Noah was dressed in his usual khakis and Denton PD polo shirt. His hair looked freshly washed, and the intoxicating scent of his aftershave made Josie’s earlier anger toward him slip just a little. He smiled. “Sorry.”
“Thanks for the Danish,” she said. “How can you tell what this kid is saying? You never told me you can read lips.”
He shrugged and walked around to his desk, plopping into his chair. “Only a little.”
“You read Gretchen’s lips on the CCTV footage of her.”
“I had a girlfriend once who was partially deaf. She read lips. She taught me how to do it. We used to make a game of it.”
It was the first time he’d told her anything about his former girlfriends besides their names and how many there had been. He was a couple of years younger than Josie, had never been married, and hadn’t had a steady girlfriend since joining the force.
Noah said, “Is that James Omar?”
“Yes,” Josie said. “It’s from the morning of Omar’s murder. Omar and his roommate, Ethan Robinson, left their apartment together.”
“But it doesn’t sound like they were going to the same place,” Noah pointed out. “Robinson said, ‘when you get there.’”
“So, Robinson knew what Omar was doing—where he was going and why—and according to professor Larson, Ethan is still missing.”
“The Philly PD are working on that, right?”
“Yes,” Josie said. Changing the subject, she told him about the walk-through of the Wilkinses’ home and the mug that Robyn insisted didn’t belong to Joel and Margie Wilkins.
“You have a photo of it?” Noah asked.
Josie pulled it up on her phone to show him.
“No one from our team brought this to the scene,” he said.
“Hummel and I double-checked. It was there when the ERT arrived.”
“There were two travel mugs in the drainboard if I remember correctly,” Noah said.
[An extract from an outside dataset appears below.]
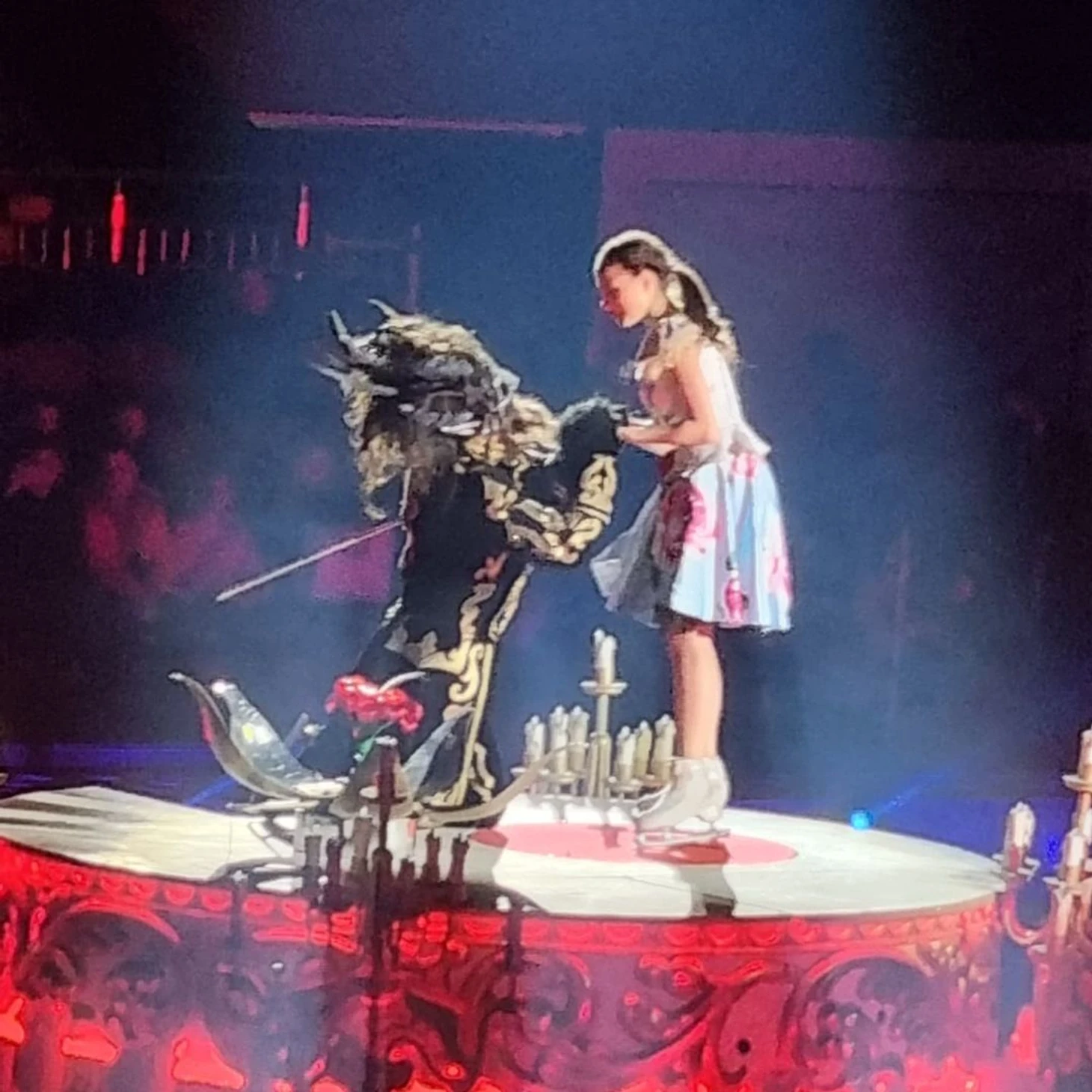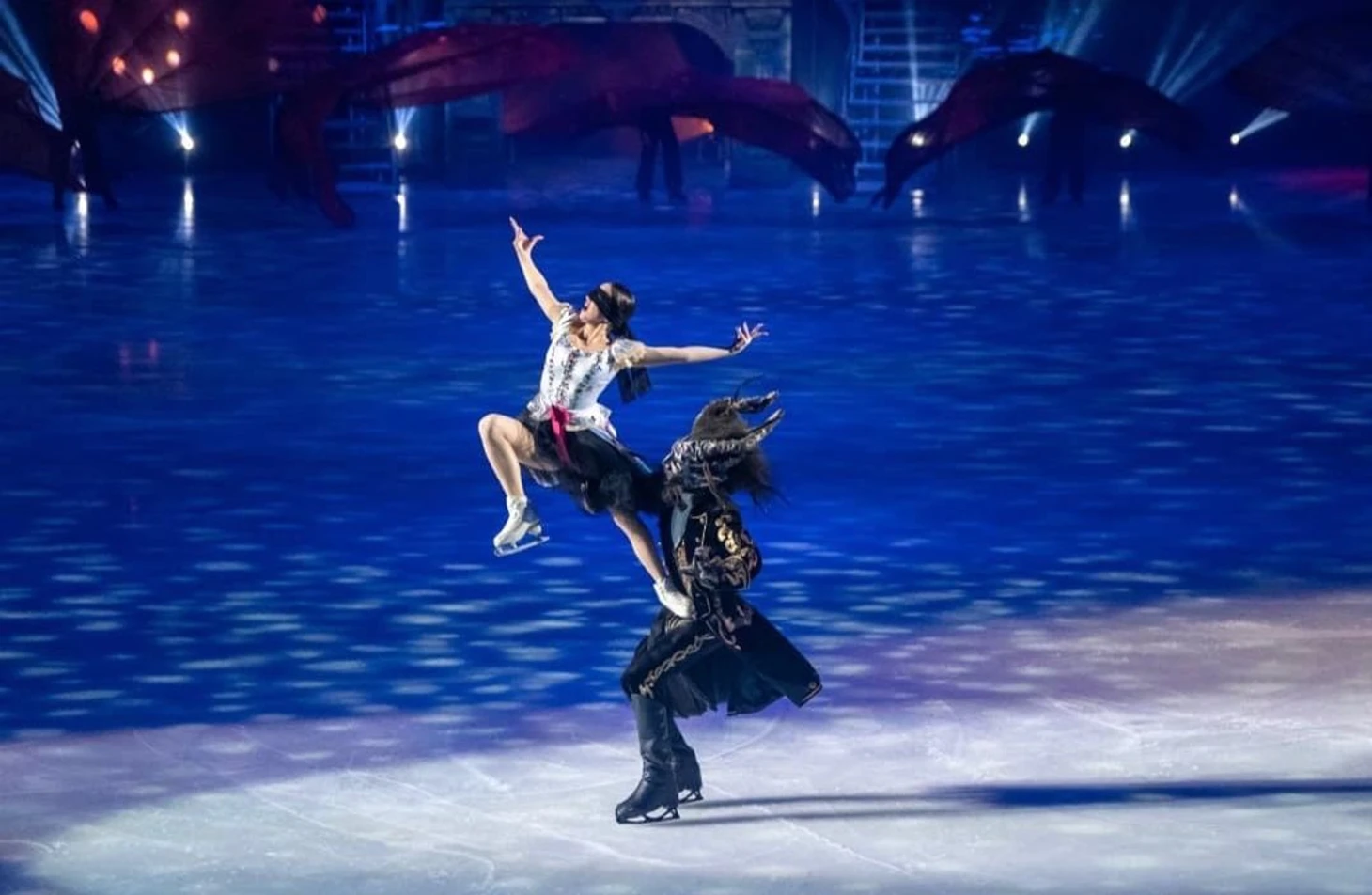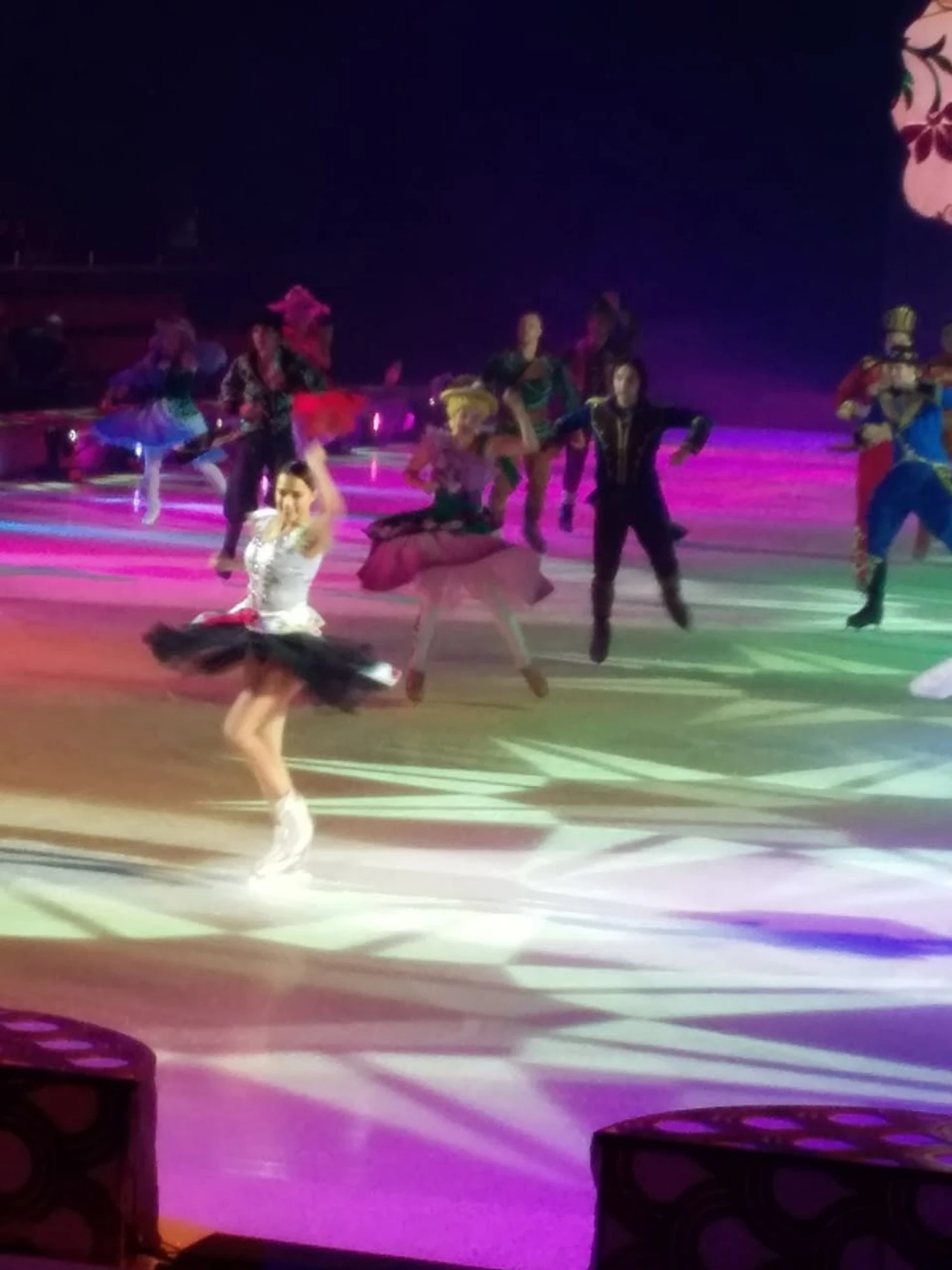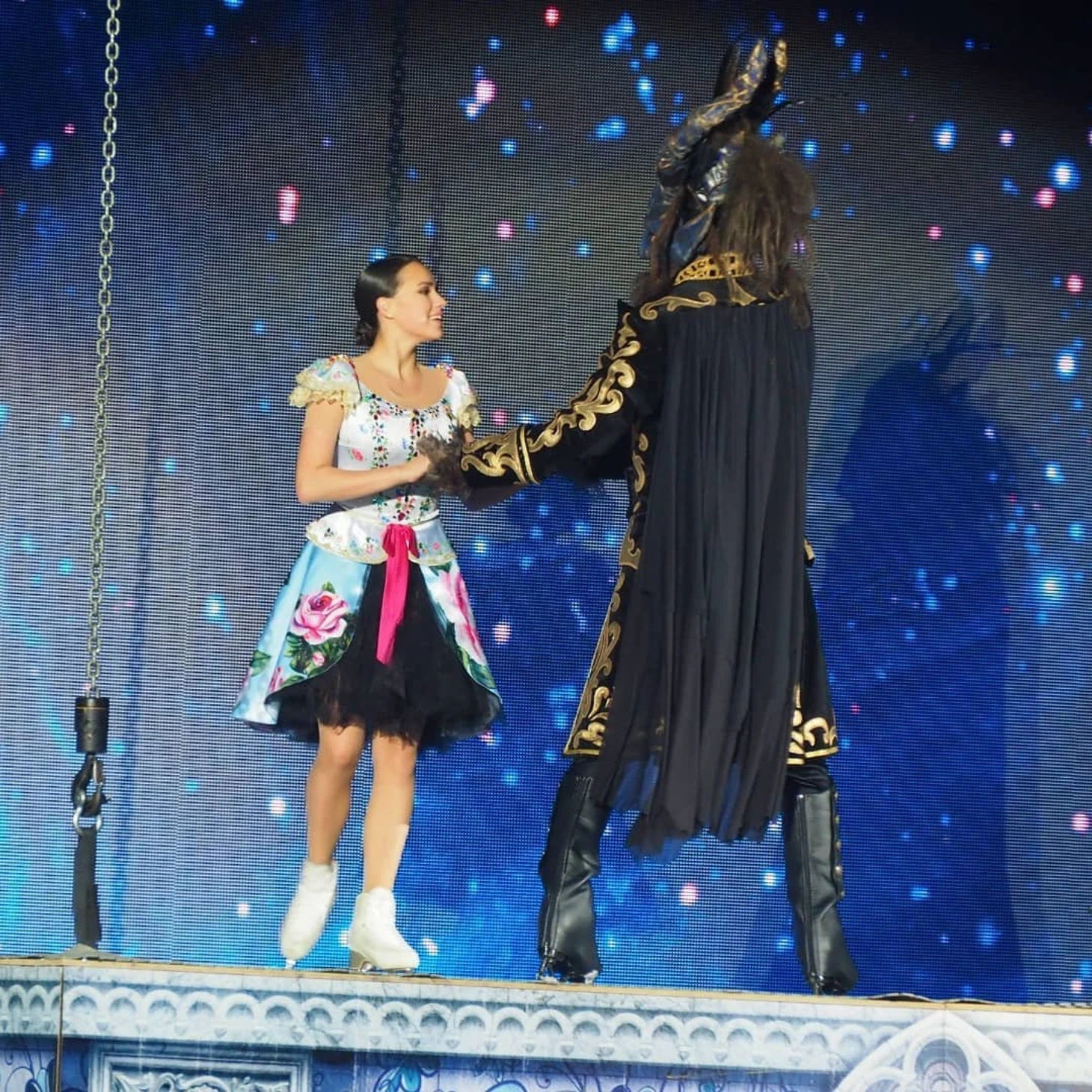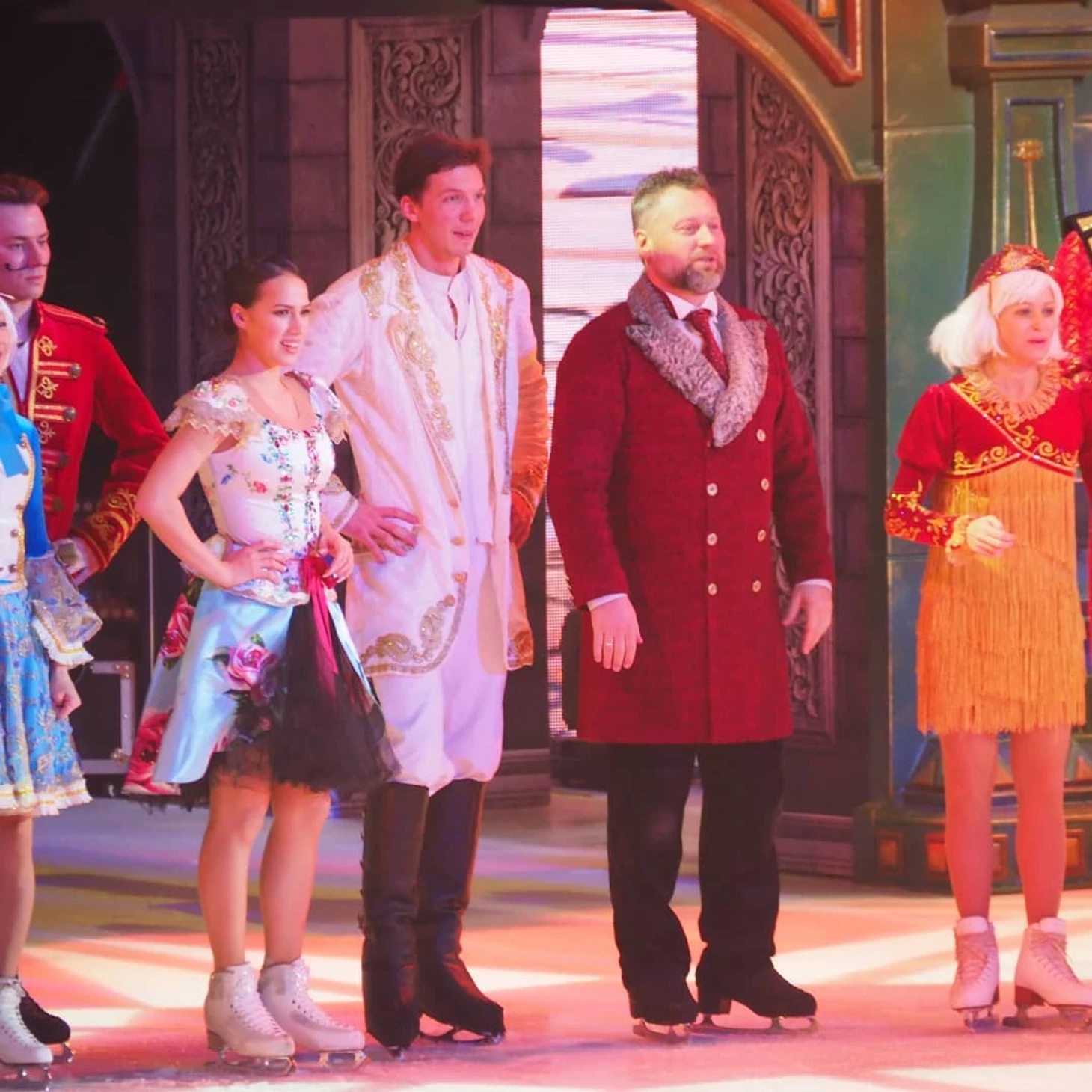 //Шоу-это, конечно, феерия красок, режиссура, декорации, постановки, шикарные песни на неплохие стихи и замечательное исполнение. Шоу выше всяких похвал (тем более это второе посещенное нами шоу после "Спящей красавицы")-костюмы, постановка, смена декораций, все очень живо, пиротехника и звук-за такое шоу никаких денег не жаль. Билеты в свободной продаже-и если у Навки на сайте только партер VIP за 3к, то на СПб билетере на все вкусы-мы были на 8 трибуне 3 ряд. Рядом с нами на лед-выходили-уходили действующие лица, танцевали они тоже перед нами, рисунок танца и смена декораций тоже перед нами во всей красе-поэтому, рекомендую, кто соберется, 8ю-9ю трибуну. Алинка выступает на уровне-зал очень тепло поддерживал, аплодировали не только прыжкам , но и поддержкам. Зрители любят Алину. Люди совершенно разновозрастные-и пожилые пары, и с маленькими детьми, и молодежные компании ,и мамы с дочками. Бросилась в глаза компания –где маленькую девочку сопровождали папа и дедушка) Жаль, что такое шоу пока доступно лишь мск и СПб, думаю, в ином случае хейтеров в сети поубавилось-после шоу приятное послевкусие новогоднего праздника и желание творить добро. Алина с Димой очень мило взаимодействуют, вообще Соловьев открылся для меня с новой стороны. По моему наблюдению, его в паре забивала Боброва (мы были у них на автографсессии на катке в Парке Горького), а тут ему очень комфортно-он поздравляет и благодарит от имени труппы Навки. Полагаю, Димон вытащил удачный билет, раз попал в ее шоу, поэтому спешил вернуться после ЧП на лед. Вообще, обстановка очень дружелюбная. На нашем шоу в 12 ч 6 января, когда отец Насти срывает цветок, чудище выходит на лед из подтрибунного помещения. Перед сценой стояла девушка-фотограф (видимо от Юбилейного), так Соловьев подкрался сзади (она стояла на его пути) и решил пошутить-напугав ее, та аж вскрикнула-хлеще Алины по сценарию. Из главных героев очень понравился Артур Гачинский-очень артистичный, такой самовлюбленный задира. Рада была увидеть Виктора Петренко.//

“Right. The Mr. and Mrs. mugs.”
“But only one beside the coffee maker.”
“Because it’s not theirs and they didn’t put it there,” Josie confirmed. “There is the slight possibility that a friend or houseguest brought it to the house and that’s why it’s there.”
“But why next to the coffee maker?”
“Right,” Josie said. “Makes no sense. I think the killer brought it and left it there.”
“On purpose?”
“It would be a strange thing to do intentionally, but I’m inclined to think so. This guy was
seen by no one, had the foresight to toss their phones into the toilet, and managed to control two victims. There’s some degree of sophistication there. It’s hard to believe he would just accidentally leave his clean, empty coffee cup at the scene. At 2:00 a.m.”
“Well, he did leave the murder weapon,” Noah pointed out.
“Yes, but lots of killers leave their murder weapons at the scene. Besides, he left his DNA on Margie Wilkins, so it’s not a matter of him not wanting to leave behind something that has the potential to identify him. The mug is something else entirely.”
“Okay,” Noah said. “Let’s say he brought the mug with him and left it at the scene on purpose. Why?”
“It’s a game,” Josie said. “I mean look, if we hadn’t had the walk-through with Robyn—if she hadn’t noticed the mug—we would never even know it was important. This guy killed for the sake of killing. The mug is his way of taunting us, or at least enjoying how stupid he thinks we are.”
Noah leaned back in his chair, using one of his feet to swivel his chair back and forth in a semicircle as he thought about what she said. “We don’t have Wawas in Denton. Wawas are in Philadelphia.”
Josie said, “Right. When I was in Philadelphia, there was a Wawa practically every few blocks.”
“You think the killer came here from Philadelphia,” he said.
“Not exactly.”
Josie used one hand on her desktop computer’s mouse to pull up the electronic file on James Omar’s murder, specifically the photos the evidence response team had taken inside Gretchen’s house. She found the photo of the end table with the shiny circle in the dust where some round object had been. She clicked to enlarge the photo and turned her monitor toward Noah. She expected skepticism, but instead he sat forward, took a long look at the photo, and asked, “Does the size match up?”